> **Dataset excerpts**

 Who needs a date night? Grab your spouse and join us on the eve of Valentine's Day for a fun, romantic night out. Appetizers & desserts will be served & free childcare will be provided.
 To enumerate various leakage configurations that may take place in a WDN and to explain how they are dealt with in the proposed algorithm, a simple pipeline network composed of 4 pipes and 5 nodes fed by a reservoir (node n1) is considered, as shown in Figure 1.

---

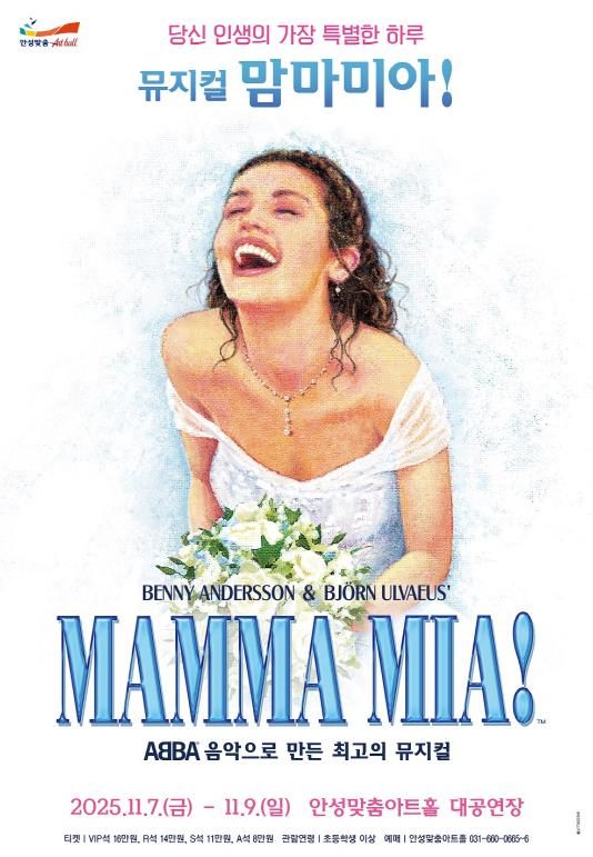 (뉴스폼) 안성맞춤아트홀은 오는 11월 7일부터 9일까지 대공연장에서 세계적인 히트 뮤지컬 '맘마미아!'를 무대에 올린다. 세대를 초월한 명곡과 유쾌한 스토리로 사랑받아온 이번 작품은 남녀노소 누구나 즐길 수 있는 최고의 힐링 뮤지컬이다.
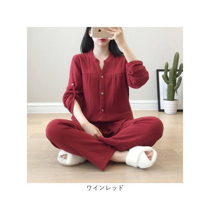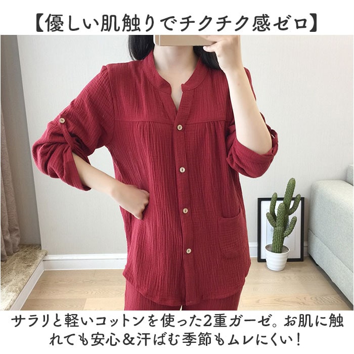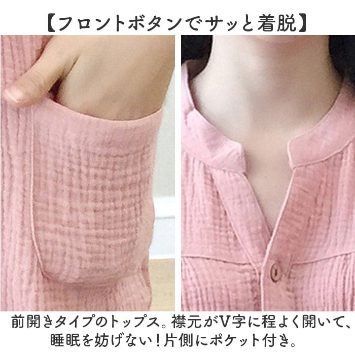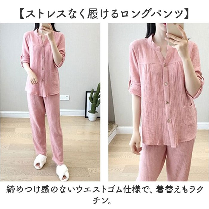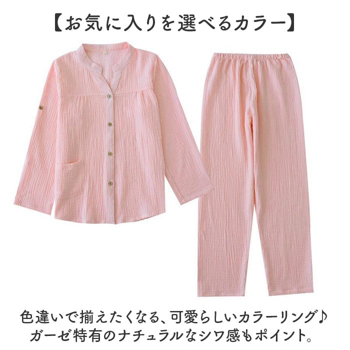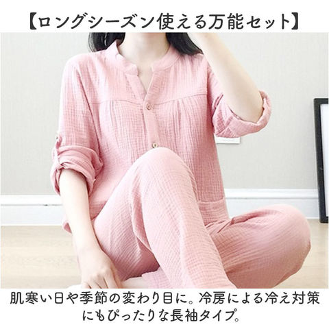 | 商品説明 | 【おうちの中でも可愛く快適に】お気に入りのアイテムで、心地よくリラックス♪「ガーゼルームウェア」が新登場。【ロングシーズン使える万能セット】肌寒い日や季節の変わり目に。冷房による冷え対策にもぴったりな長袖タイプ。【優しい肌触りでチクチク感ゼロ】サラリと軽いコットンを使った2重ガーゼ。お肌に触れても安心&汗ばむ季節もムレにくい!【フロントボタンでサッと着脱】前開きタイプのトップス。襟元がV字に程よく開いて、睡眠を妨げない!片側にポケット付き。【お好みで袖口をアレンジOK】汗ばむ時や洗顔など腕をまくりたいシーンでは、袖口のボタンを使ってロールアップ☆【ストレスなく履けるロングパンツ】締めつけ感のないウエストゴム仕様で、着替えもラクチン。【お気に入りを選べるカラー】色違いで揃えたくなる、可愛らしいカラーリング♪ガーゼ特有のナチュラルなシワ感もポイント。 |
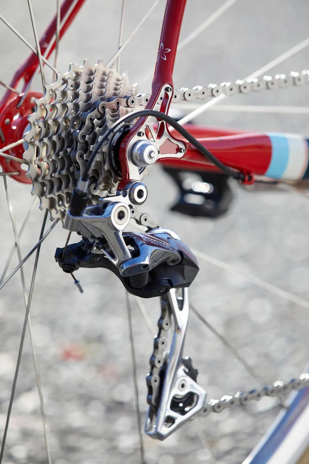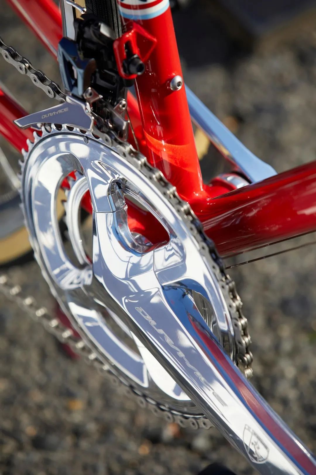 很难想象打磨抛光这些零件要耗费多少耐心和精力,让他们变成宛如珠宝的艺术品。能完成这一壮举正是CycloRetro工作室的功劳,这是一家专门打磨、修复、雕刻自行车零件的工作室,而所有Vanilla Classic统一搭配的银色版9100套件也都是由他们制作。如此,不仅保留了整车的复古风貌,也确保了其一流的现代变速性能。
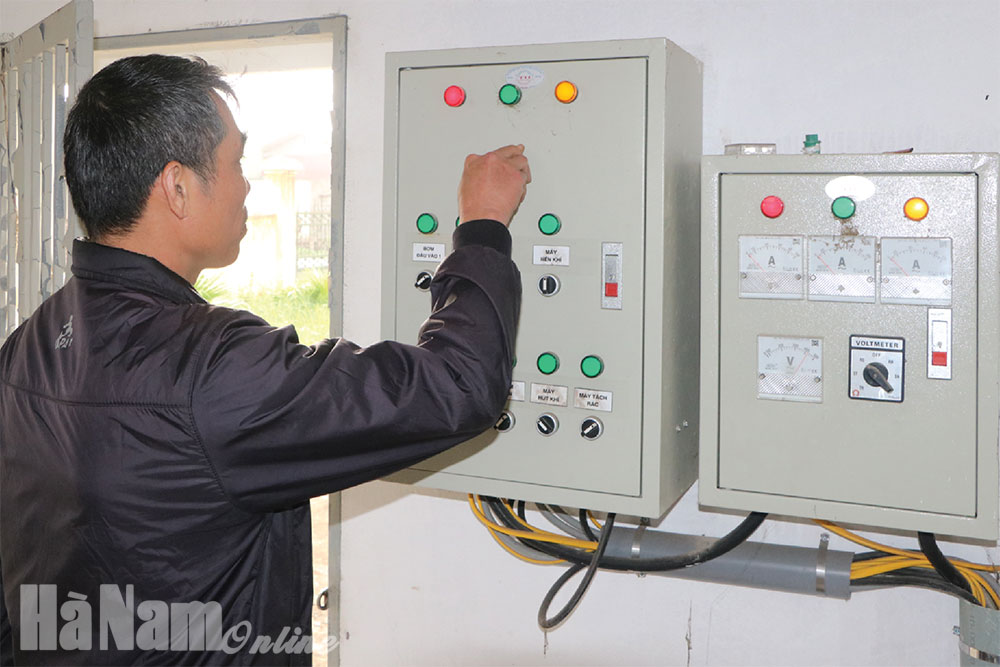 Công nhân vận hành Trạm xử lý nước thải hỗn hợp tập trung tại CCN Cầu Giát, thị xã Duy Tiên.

> **Exercise**
For this exercise, set down the lines in the entries above from the one with "很难想象打磨抛光这些零件要耗" through the one with "Công nhân vận" exactly as written, without any pictures.

> **Expected answer**
 很难想象打磨抛光这些零件要耗费多少耐心和精力,让他们变成宛如珠宝的艺术品。能完成这一壮举正是CycloRetro工作室的功劳,这是一家专门打磨、修复、雕刻自行车零件的工作室,而所有Vanilla Classic统一搭配的银色版9100套件也都是由他们制作。如此,不仅保留了整车的复古风貌,也确保了其一流的现代变速性能。
 Công nhân vận hành Trạm xử lý nước thải hỗn hợp tập trung tại CCN Cầu Giát, thị xã Duy Tiên.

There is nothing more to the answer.